# Hobgoblin Strong Ale



## SJW (31/8/07)

I had a Hobgoblin last night. WOW. What a great drop. Has anyone cloned this puppy? if so what OG would we be looking at? The hops are a give away, re. the website.......

"Head Brewer, Jeremy Moss, has produced a full chocolate malt flavour beer by the addition of a small proportion of crystal malt and the use of Fuggles hops blended with Styrian Goldings hops. The ruby red coloured Hobgoblin is full-bodied and has a delicious chocolate toffee malt flavour balanced with a rounded moderate bitterness and an overall fruity character."

I think I might give this one a crack.

Steve


----------



## Goat (31/8/07)

Steve,

I have to agree its a great beer - though have had a couple of bottles are a bit dodgey - oxidised or something.

I dropped into the Moon and Sixpence in Perth a week or so ago and as I was waiting for another pint of Tetley's, I noticed that they had Hobgoblin on the 'draught menu' !! On asking, I was very disappointed to find the keg had "just" finished

In terms of recipe, I reckon there is a fair bit dark sugar and oak chip in there too. Good luck with it - let us know how you go with a recipe.


----------



## bconnery (31/8/07)

Here's one from a site in the UK...

Can't vouch for it but all the guys who'd done it there liked it...



5.56 kg Maris Otter 
0.3 kg Crystal 
0.23 kg Carapils 
0.17 Chocolate 
67 degrees for 90 mins 
15 grm Syrian Goldings 5% 60 min 
15 grm Fuggles 4.5% 60 min 
15 grm Syrian Goldings 30 min 
15 grm Fuggles 30 min 
23 l, og 1052 
whirfloc tab 20 mins 
Safale so4


----------



## Guest Lurker (31/8/07)

I think I detect the odious presence of dark crystal in Hobgoblin Strong.


----------



## SJW (31/8/07)

Could be worth a go. Either way I would end up with a pretty good drop. I guess we should be carefully of calling anything a clone as, often similar to the original is still a might fine drop no matter what style your trying to CLONE.


----------



## bconnery (31/8/07)

SJW said:


> Could be worth a go. Either way I would end up with a pretty good drop. I guess we should be carefully of calling anything a clone as, often similar to the original is still a might fine drop no matter what style your trying to CLONE.



Yeah it's, another, topic that can get people fired up. I personally will quite happily make a beer like a particular one, and will often try and get it as close as possible to what it known about that beer, but as long as I can produce a tasty beer in the ballpark of said beer I'm not going to be too fussed. 
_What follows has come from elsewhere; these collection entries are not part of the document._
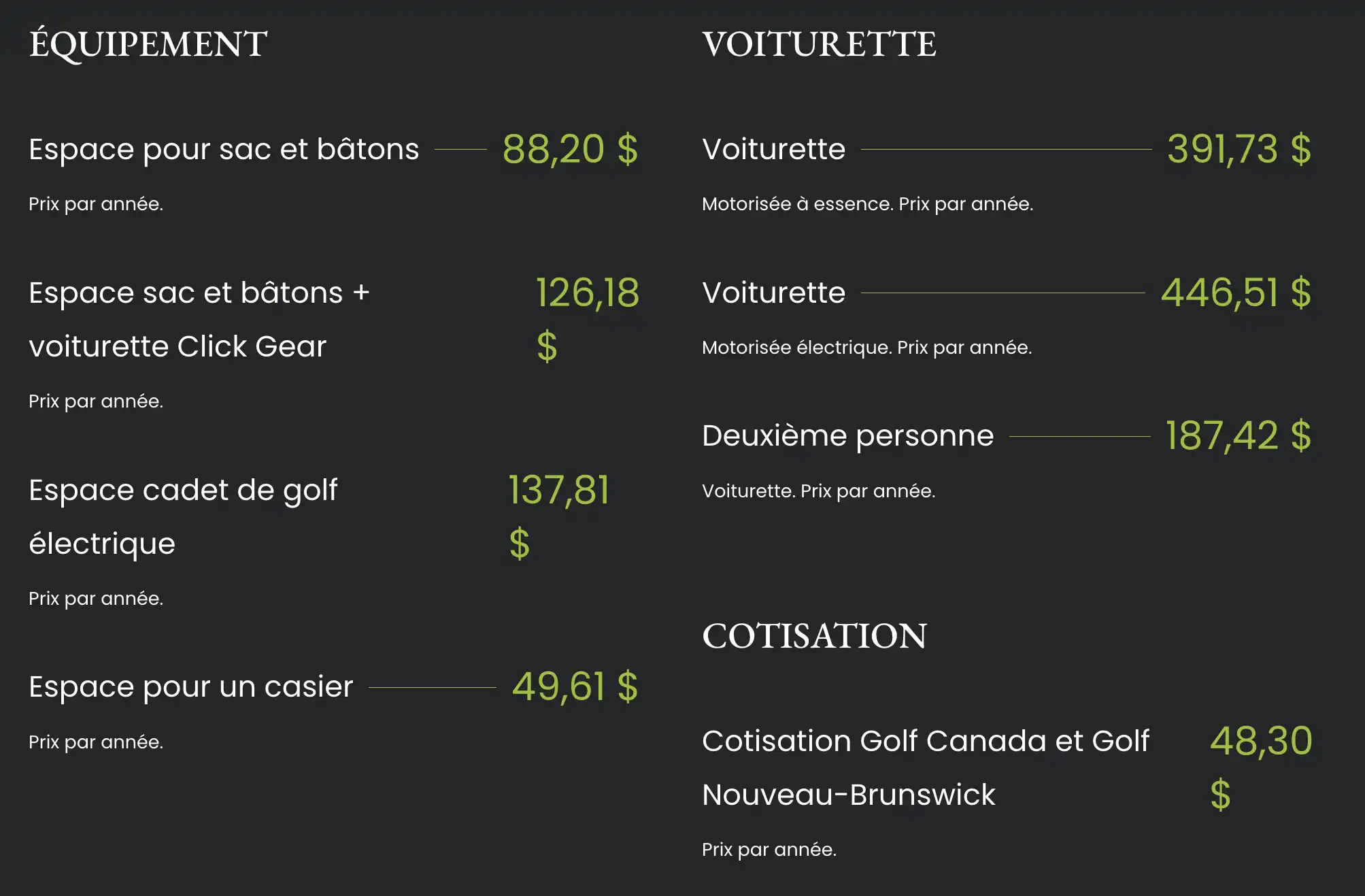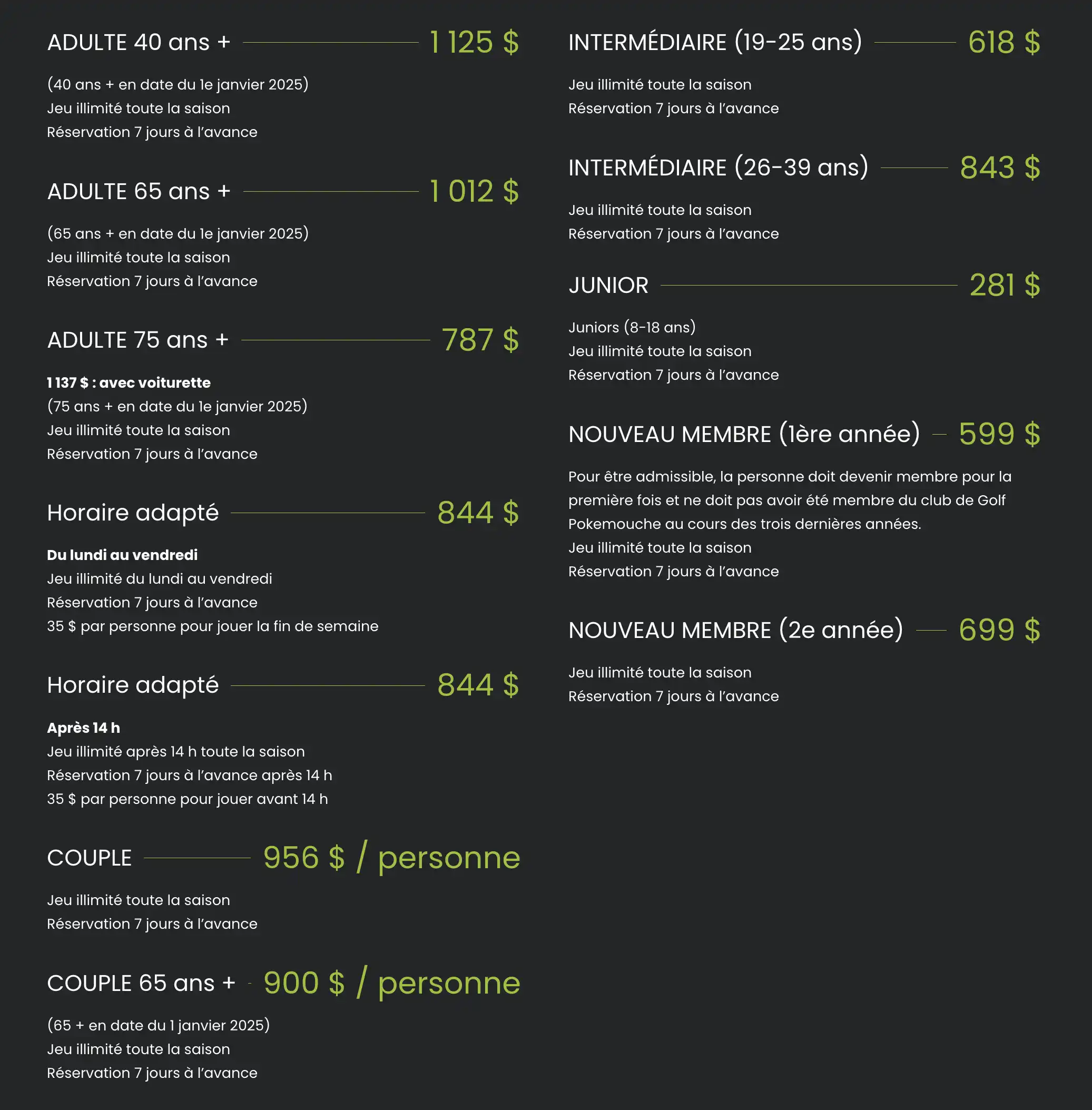 Les membres du club de Golf Pokemouche ont droit aux privilèges suivants :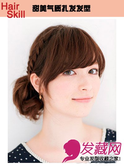 推荐理由:想简单扎个低位花苞?那就再试试编发的点缀吧,在右侧编出一条紧致的辫子效果,甜美气质立即提升。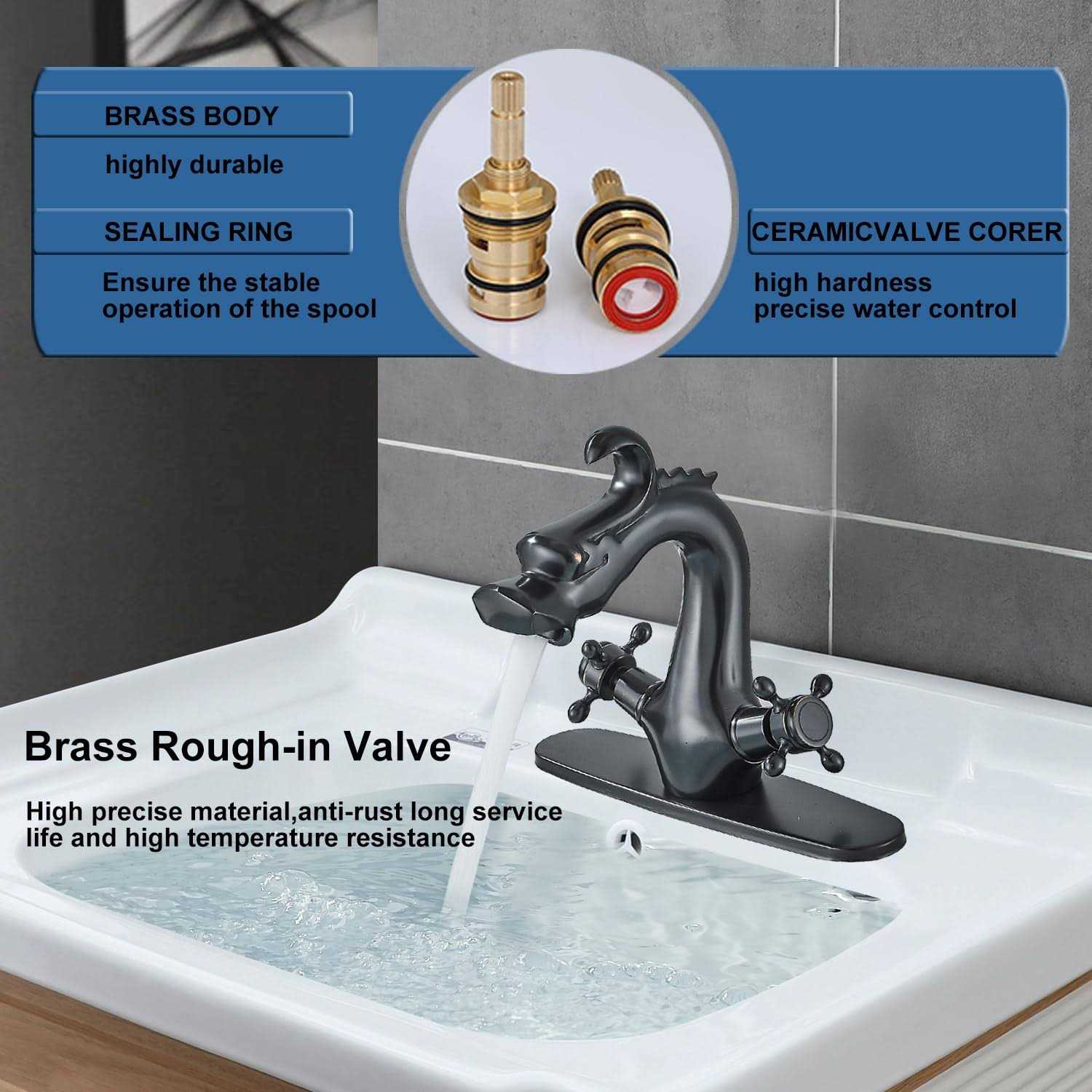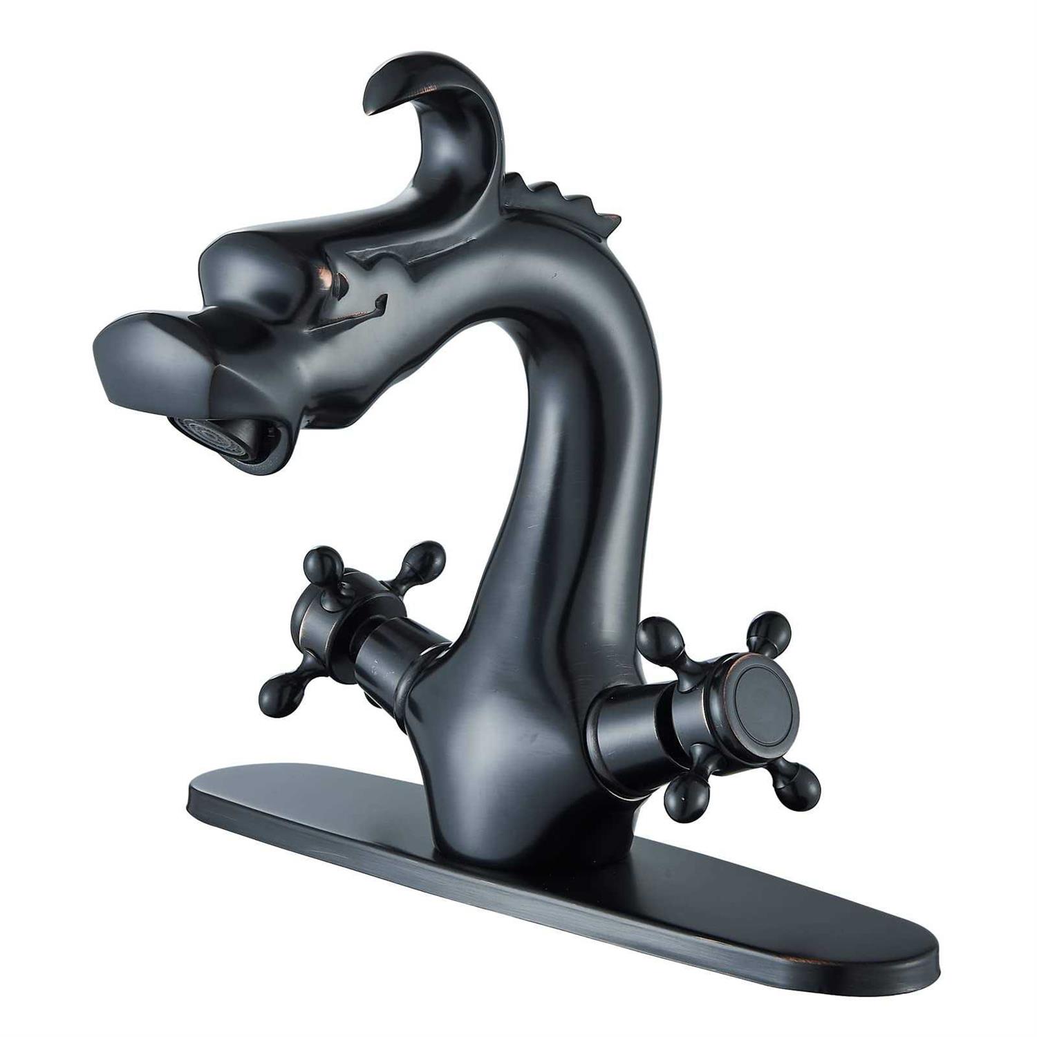 Senlesen Dragon Shape Oil Rubbed Bronze Two-Handle One Hole Bathroom Sink Mixer Tap Faucet Deck Mount Lavatory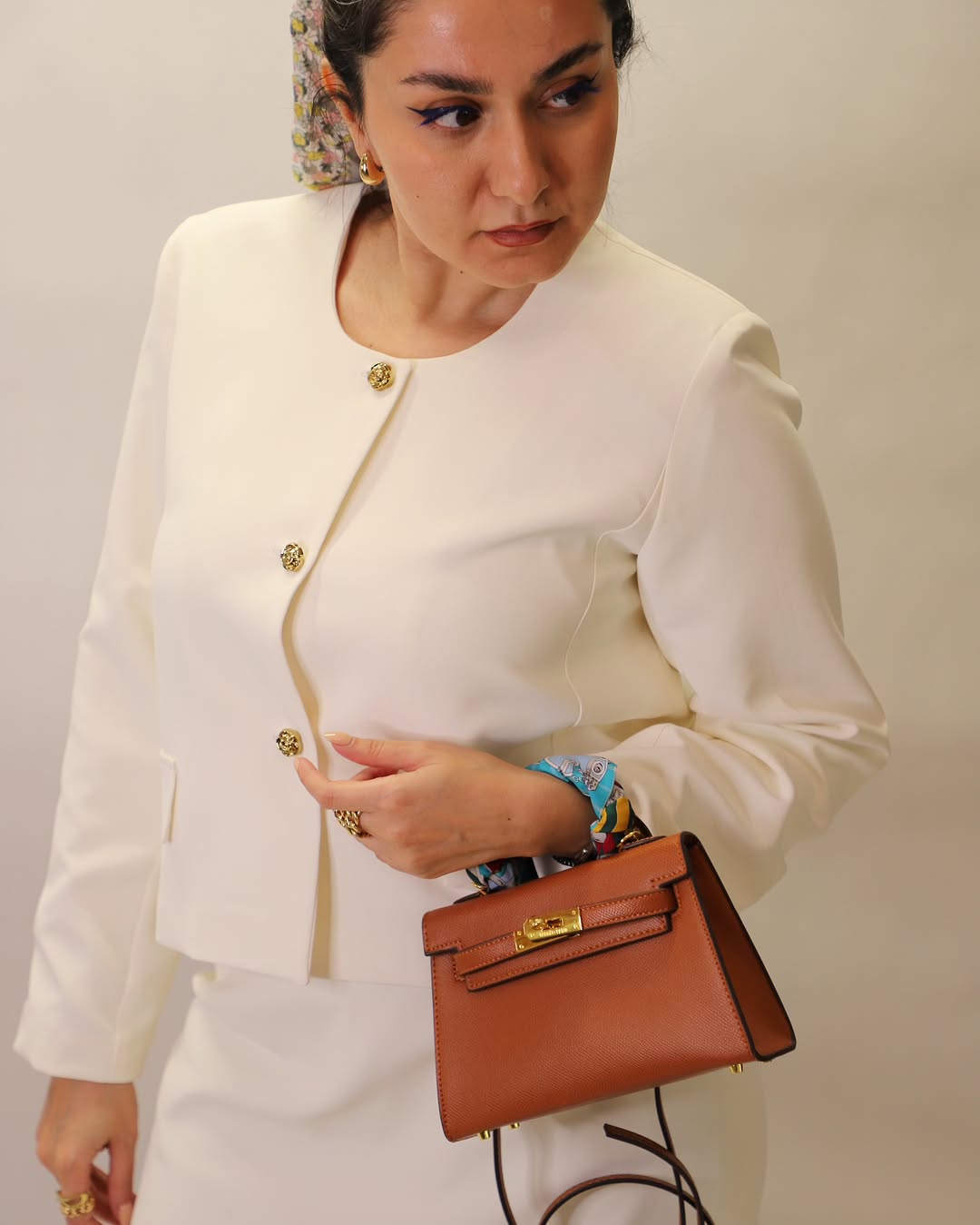 ست دو تیکه کت و دامن کرب کرم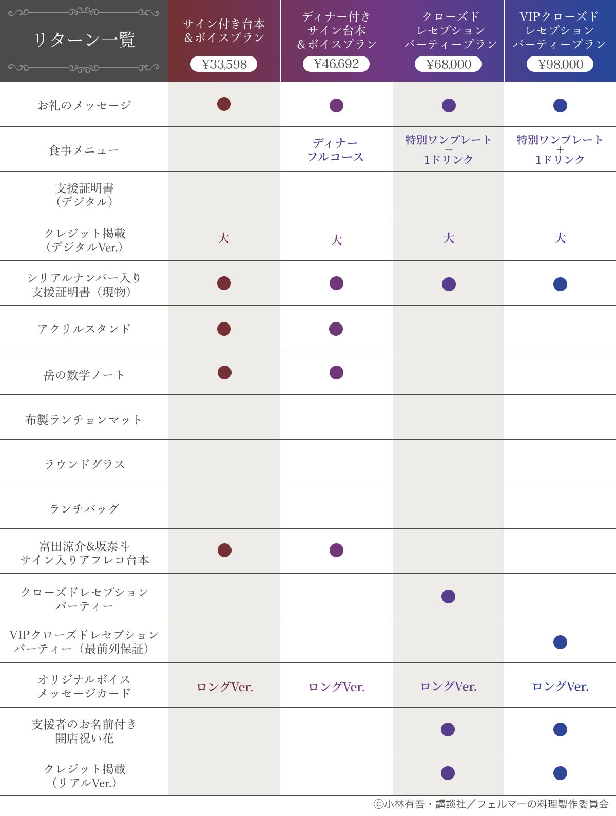 通常の予約権に加えて、オープン初日の来店が確約されるプレオープン予約権や、声優さんとのイベントを楽しめるレセプションパーティー参加権もご用意しました。それぞれ料理の形式や楽しみ方の魅力が異なります。ぜひお好みに合わせて選び、この特別な体験をご堪能ください!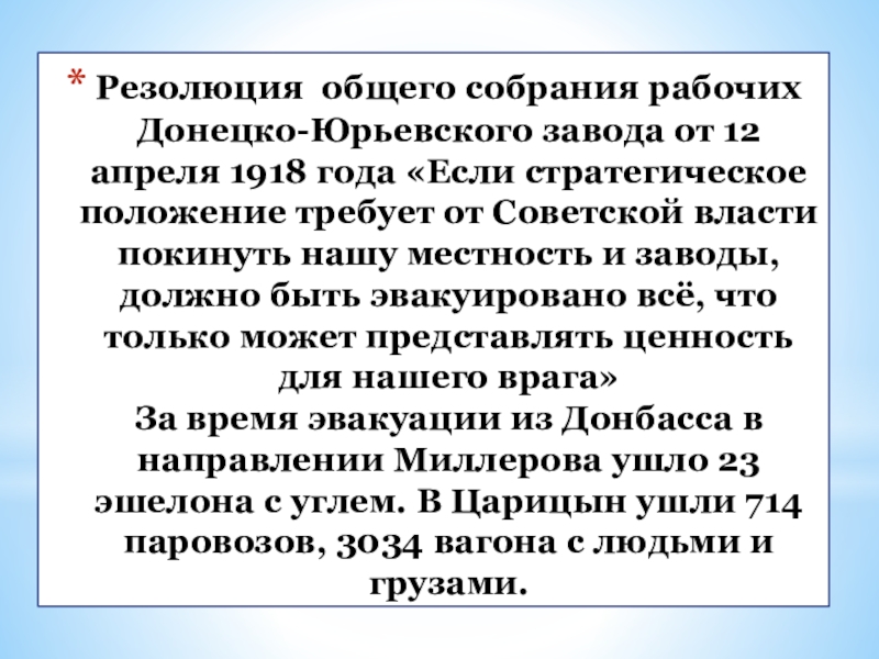 Слайд 6Резолюция общего собрания рабочих Донецко-Юрьевского завода от 12 апреля 1918 года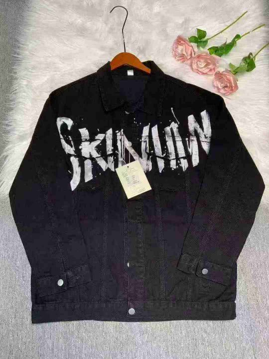 小众设计春秋季黑色牛仔外套男款复古宽松夹克400件,独立拉链袋包装,货品...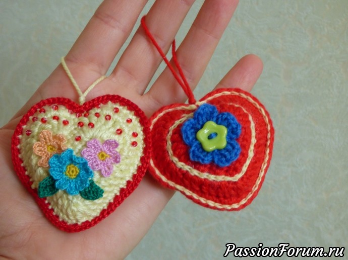 Давно я не выставляла здесь своих работ, но это не значит, что я не творила ))) Начну с мелочей ) Вязаные сердечки.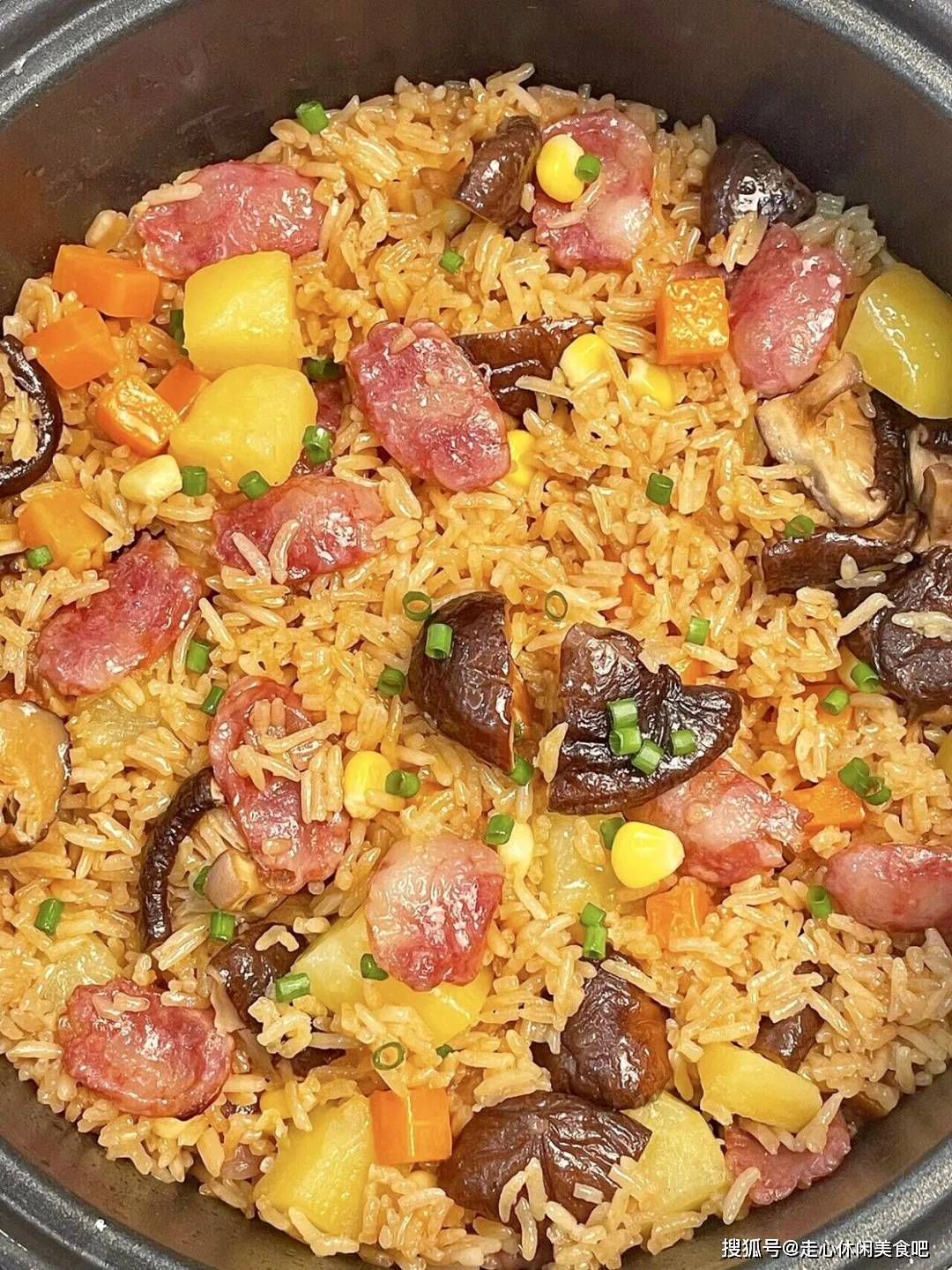 7. 香菇焖饭:这道菜简单易做,一锅出,适合懒人。干香菇泡发后切片,泡香菇的水留着备用。

Then again I'm a recipe tinkerer, that's half the fun of this game for me, so I will rarely, actually never, follow something exactly to the letter. I'm not for one second presuming mine is always better, I just like to play around.


----------



## Weizguy (31/8/07)

I'm pretty sure that MHB has a clone recipe or maybe a "clone kit".

Not really a clone, as it is likely to be superior due to freshness, if you make it rather than buy imported bottled beer.

Seth out


----------



## Steve (31/8/07)

Steve

I did one a while back:

http://www.aussiehomebrewer.com/forum/inde...mp;hl=hobgoblin

Apparently is was very close. Ive not actually tasted the real thing. But this was very nice.
Cheers
Steve


----------



## jayse (31/8/07)

I have had cracks at making similiar beers, just having a look and can't tell which recipe is what ATM though in the archives. None of them I actually gave a name like hobgoblin which i thought i did anyway......

Pretty much a standard strong bitter style recipe of sorts with maybe a bit extra choc and less bitterness than perhaps you might ussually use. Stryian to finish.

I think the IBU is only down around 30 with a OG up around 1.056 or there abouts I gather. I'am pretty sure I would have gone for around 35 IBU with 1.056+ though.

I'am fairly sure I used the london special number two yeast 1768 for my couple cracks at this type of beer.

Its a pretty straight forward type of beer to make great ones similiar too.



bconnery said:


> Here's one from a site in the UK...
> 
> Can't vouch for it but all the guys who'd done it there liked it...
> 
> ...



Recipe looks a reasonbly good start, not sure if it needs quite that much choc.
I'd go higher OG and maybe the finishing hops closer to the end and all styrians.
And safale might make reasonble beers also but the magic grin factor comes from something/anything besides that.





Guest Lurker said:


> I think I detect the odious presence of dark crystal in Hobgoblin Strong.



Yeap I agree, like a lot of stronger bitters the crystal malts are more pronounced.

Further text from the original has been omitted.